Hey Carnster don't pull out just because your doing so well, the more people the better.

We'll just have to tie one of your arms behind your back to give you a little handy cap :lol: .

Cheers 
Killer.


----------



## carnster (May 27, 2008)

killer said:


> Hey Carnster don't pull out just because your doing so well, the more people the better.
> 
> We'll just have to tie one of your arms behind your back to give you a little handy cap :lol: .
> 
> ...


Thanks heaps, maybe i will continue on, i do enjoy it.


----------



## robsea (Apr 7, 2010)

Smashin' fat bream Spork!
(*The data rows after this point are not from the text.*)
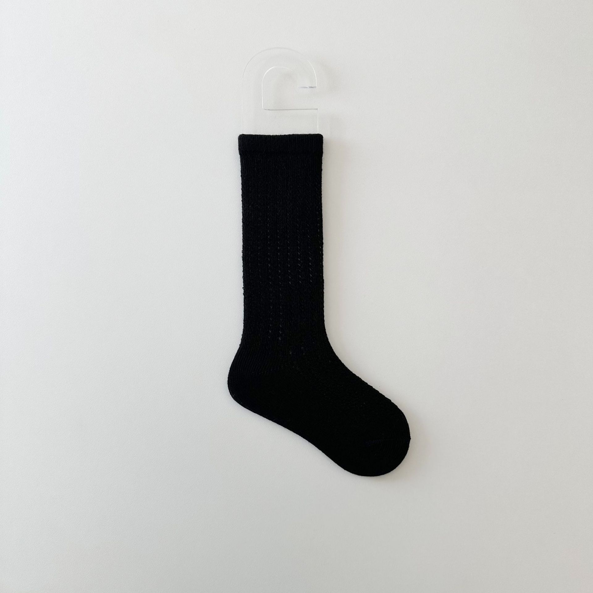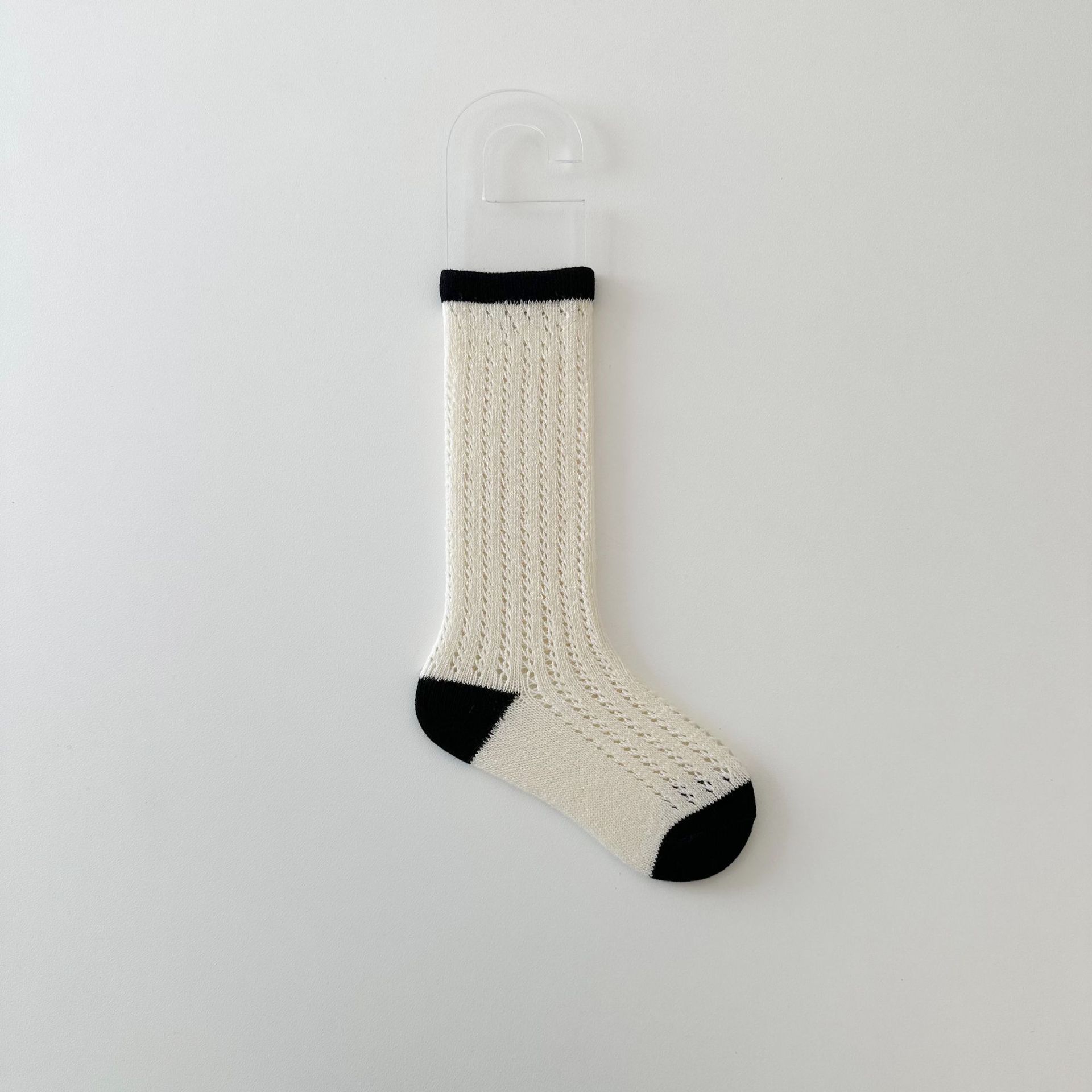 봄 새로운 한국 스타일 중공 컬러 매칭 어린이 중간 송아지 양말 단색 메쉬 트렌디 한 어린이 통기성 면 양말 스타킹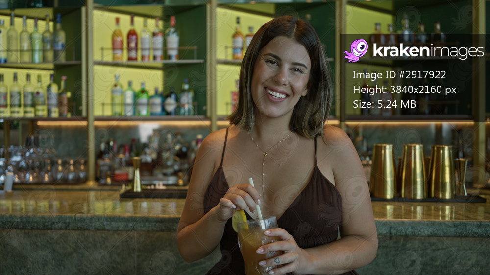 Woman stirring a drink with a straw and holding a glass, cleavage visible at bar; social relaxation joy.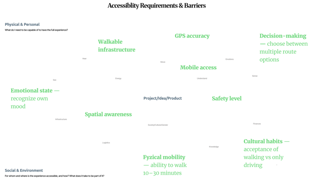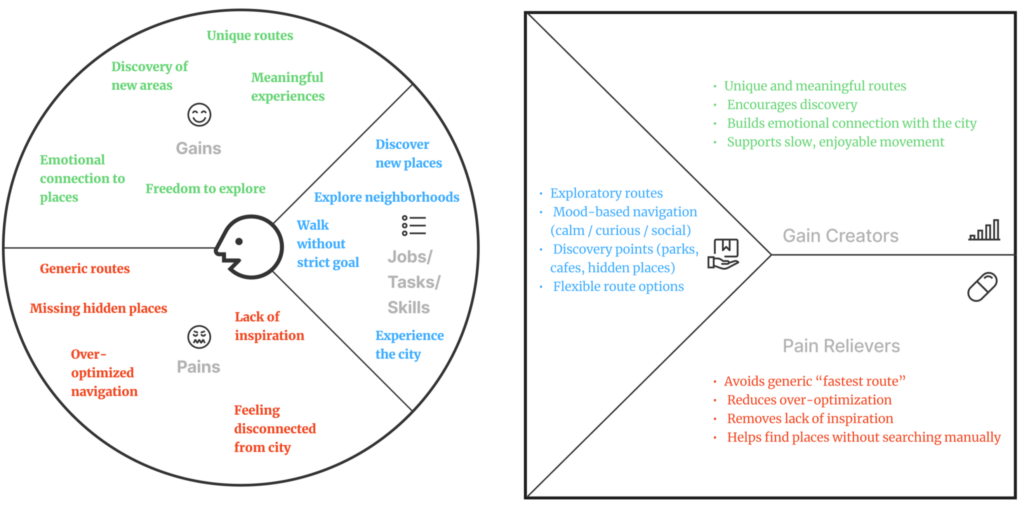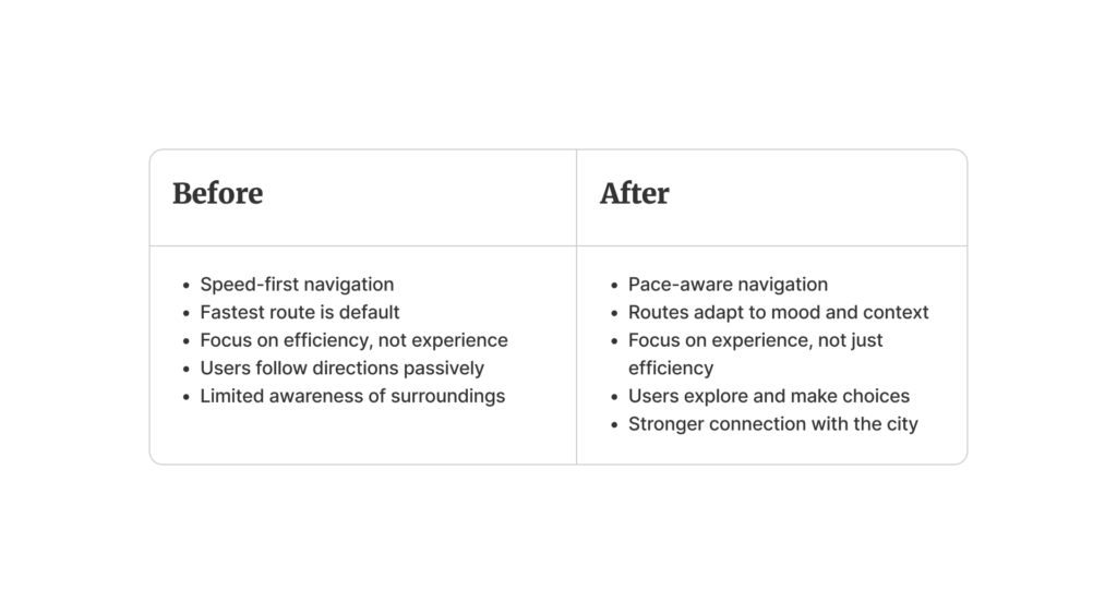 In this scenario, the user first selects their mood or intention (calm, curious, social, fast), and then receives a route that matches that mood.

Dreams are made of such fish.


----------



## cheaterparts (Jul 3, 2010)

Name of Angler: Cheaterparts
Date Caught: 11/10/13
State and Location Fish Caught In: Vic -- Eagle rock area Westernport
Type and Size/Weight of Fish: 2 options ether a Red Scorpion Cod ( Scorpaena cardinalis ) 32.5 cm










Type and Size/Weight of Fish: or a King Geoge Whiting at 34 cm










Tackle/Line/Lure Used : bait fished 
Conditions : quite a nice night on the water
Other Comments : The wind has been hard to work around over the last couple of weeks and the first W/E of this months comp was looking like a TOW with only 1 mirco flatty to my trip which was short dodging the wind
the winds were looking to keep us off the water again for the second week but Friday arvo/evening was the only real chance
hoping for a snapper headed out to eagle rock after work and fished till 2.30 sat morning
no luck on snapper but got a small mixed bag including a couple of scorpion cod ( not game fish but good eating if you work around the spikes ) the surpise fish was the whiting only the one but hooking one at midnight was different

so take your pick on which scores best it will be better than a TOW


----------



## carnster (May 27, 2008)

robsea said:


> Smashin' fat bream Spork! Dreams are made of such fish.


Yeah that is a horse.


----------



## killer (Dec 22, 2010)

Name of Angler: Killer.
Date Caught: 11/10/2013
State and Location Fish Caught In: SE QLD Donnybrook.
Type and Size/Weight of Fish: Bream 25cm.
Tackle/Line/Lure Used (optional): 6lb , paddle tail SP.
Conditions (optional): Good. A little Windy.


----------



## solatree (May 30, 2008)

Got out once during comp period - got these


----------



## robsea (Apr 7, 2010)

TOW

Try as I may, 'twas only flathead that graced my deck in comp time.

Rob


----------



## Squidder (Sep 2, 2005)

The October comp has been scored....and it will be no surprise that yet again Carnster topped the scoring. Great snapper Chris! I also found it highly exciting that this month, for the first time in ages, the entries were submitted in order of score from highest to lowest, which meant that no sorting was required on the excel spreadsheet. Great success! 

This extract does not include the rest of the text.